Conway B R, Laychock S G, Rubin R P
Department of Pharmacology and Toxicology, Medical College of Virginia, Richmond 23298.
Biochem Biophys Res Commun. 1991 Jul 31;178(2):780-5. doi: 10.1016/0006-291x(91)90176-8.

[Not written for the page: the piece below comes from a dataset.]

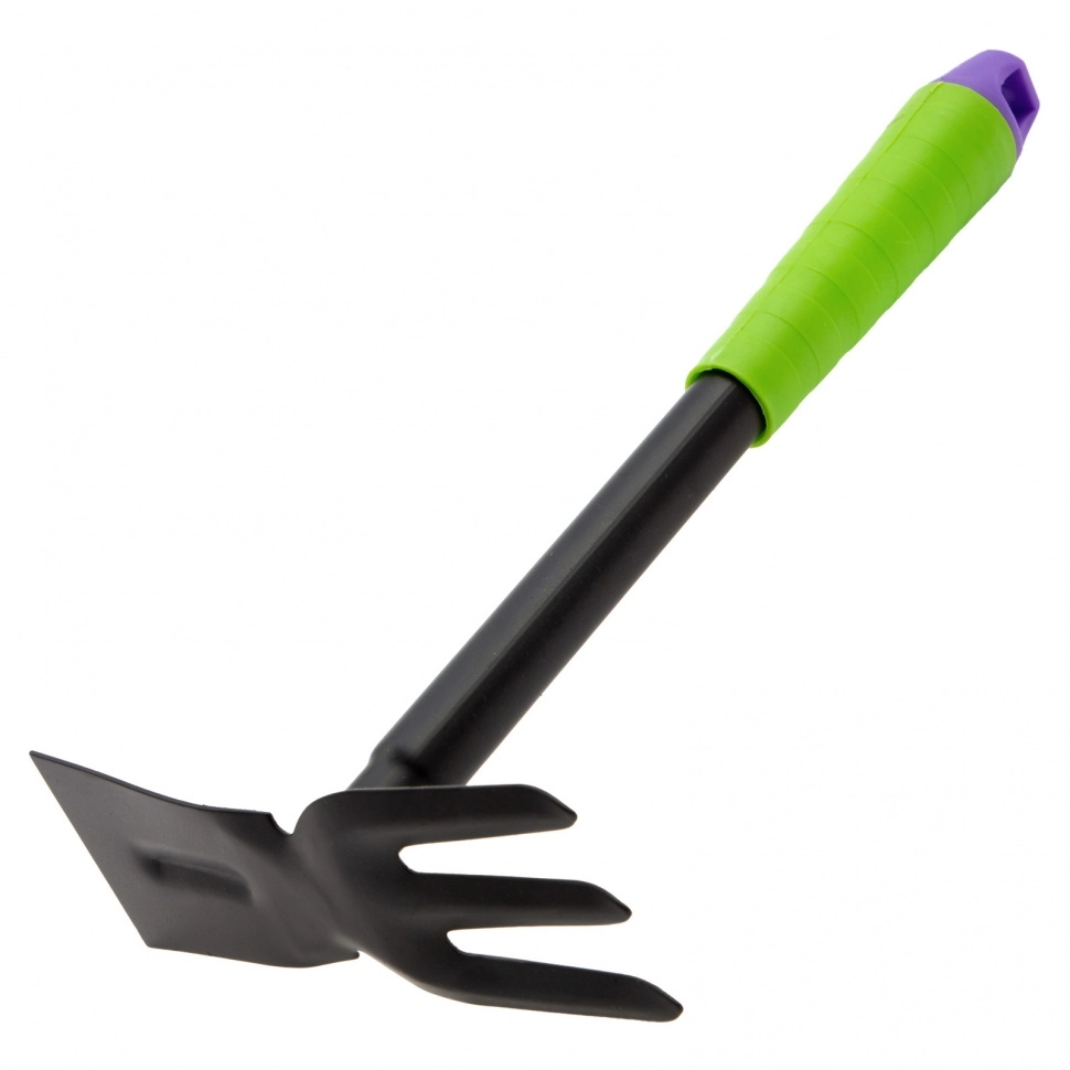 Полотно мотыжки совмещено с рыхлителем, поэтому она удобна при вскапывании и рыхлении почвы в труднодоступных местах.

Carbachol (CCh) and epidermal growth factor (EGF) elicited a concentration-dependent increase in [32P]phosphatidyl-inositol-4-phosphate (PtdIns-4P) formation in homogenates derived from agonist-stimulated rat pancreatic acini. The combination of CCh and EGF produced a response which was not synergistic or additive. EGF, unlike CCh, failed to cause [32P]PtdIns-4,5P2 breakdown, suggesting different mechanisms involved in the stimulation of [32P]PtdIns-4P formation induced by EGF and CCh. We conclude that PtdIns kinase represents a key component of the signaling pathways utilized by EGF and CCh in exocrine pancreas.
卡巴胆碱(CCh)和表皮生长因子(EGF)可使来自激动剂刺激的大鼠胰腺腺泡的匀浆中[32P]磷脂酰肌醇-4-磷酸(PtdIns-4P)的生成呈浓度依赖性增加。CCh和EGF的联合作用产生的反应既无协同性也无加和性。与CCh不同,EGF未能引起[32P]PtdIns-4,5P2的分解,这表明EGF和CCh诱导[32P]PtdIns-4P生成的刺激机制不同。我们得出结论,磷脂酰肌醇激酶是EGF和CCh在外分泌胰腺中利用的信号通路的关键组成部分。